**WHAT TO WORK ON**
Of the entries below, return only those lines from the line with "新潟県の冬では貴重な夕日です。 屋上に上がるとトンボが1匹飛んでいました。 頑張って長生きしてほしいな~" to the line with "Gated! Edmond Schools, Butterfly", exactly, both included.

**RAW DATA**
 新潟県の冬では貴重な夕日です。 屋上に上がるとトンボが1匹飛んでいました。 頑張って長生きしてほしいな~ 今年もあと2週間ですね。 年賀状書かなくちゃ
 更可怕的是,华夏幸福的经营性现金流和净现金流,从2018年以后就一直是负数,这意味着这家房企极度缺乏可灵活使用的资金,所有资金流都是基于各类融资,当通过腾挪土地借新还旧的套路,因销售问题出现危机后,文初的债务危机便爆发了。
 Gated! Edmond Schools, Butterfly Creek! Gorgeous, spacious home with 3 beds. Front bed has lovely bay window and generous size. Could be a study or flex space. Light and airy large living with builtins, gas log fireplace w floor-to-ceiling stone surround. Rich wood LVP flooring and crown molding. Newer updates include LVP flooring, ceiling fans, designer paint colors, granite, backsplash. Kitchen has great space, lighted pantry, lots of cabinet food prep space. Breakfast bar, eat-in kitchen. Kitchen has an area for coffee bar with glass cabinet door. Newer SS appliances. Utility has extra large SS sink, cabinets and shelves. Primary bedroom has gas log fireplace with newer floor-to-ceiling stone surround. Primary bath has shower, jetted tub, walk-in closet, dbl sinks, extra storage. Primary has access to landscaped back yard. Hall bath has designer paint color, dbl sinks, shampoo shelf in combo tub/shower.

...

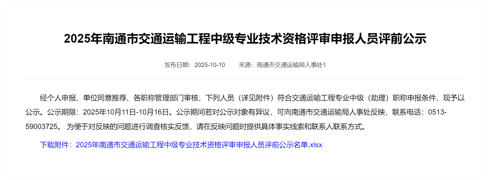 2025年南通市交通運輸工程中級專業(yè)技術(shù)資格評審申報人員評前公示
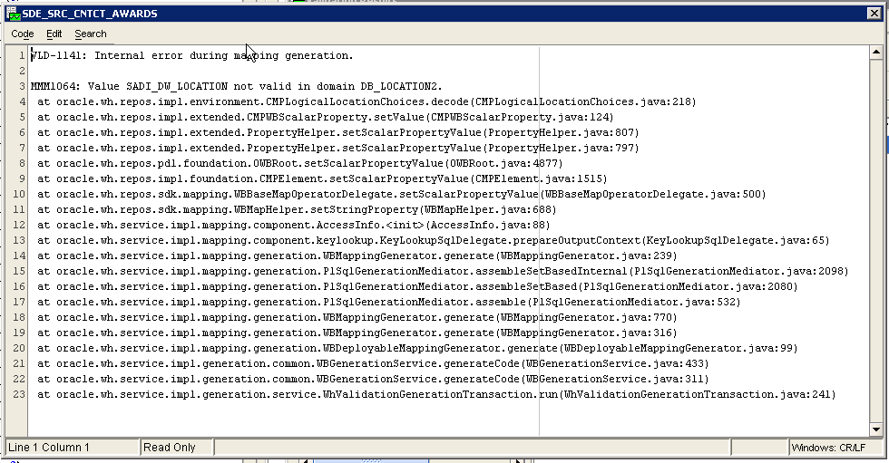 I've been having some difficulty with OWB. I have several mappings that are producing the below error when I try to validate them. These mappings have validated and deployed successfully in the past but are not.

**TASK SOLUTION**
 新潟県の冬では貴重な夕日です。 屋上に上がるとトンボが1匹飛んでいました。 頑張って長生きしてほしいな~ 今年もあと2週間ですね。 年賀状書かなくちゃ
 更可怕的是,华夏幸福的经营性现金流和净现金流,从2018年以后就一直是负数,这意味着这家房企极度缺乏可灵活使用的资金,所有资金流都是基于各类融资,当通过腾挪土地借新还旧的套路,因销售问题出现危机后,文初的债务危机便爆发了。
 Gated! Edmond Schools, Butterfly Creek! Gorgeous, spacious home with 3 beds. Front bed has lovely bay window and generous size. Could be a study or flex space. Light and airy large living with builtins, gas log fireplace w floor-to-ceiling stone surround. Rich wood LVP flooring and crown molding. Newer updates include LVP flooring, ceiling fans, designer paint colors, granite, backsplash. Kitchen has great space, lighted pantry, lots of cabinet food prep space. Breakfast bar, eat-in kitchen. Kitchen has an area for coffee bar with glass cabinet door. Newer SS appliances. Utility has extra large SS sink, cabinets and shelves. Primary bedroom has gas log fireplace with newer floor-to-ceiling stone surround. Primary bath has shower, jetted tub, walk-in closet, dbl sinks, extra storage. Primary has access to landscaped back yard. Hall bath has designer paint color, dbl sinks, shampoo shelf in combo tub/shower.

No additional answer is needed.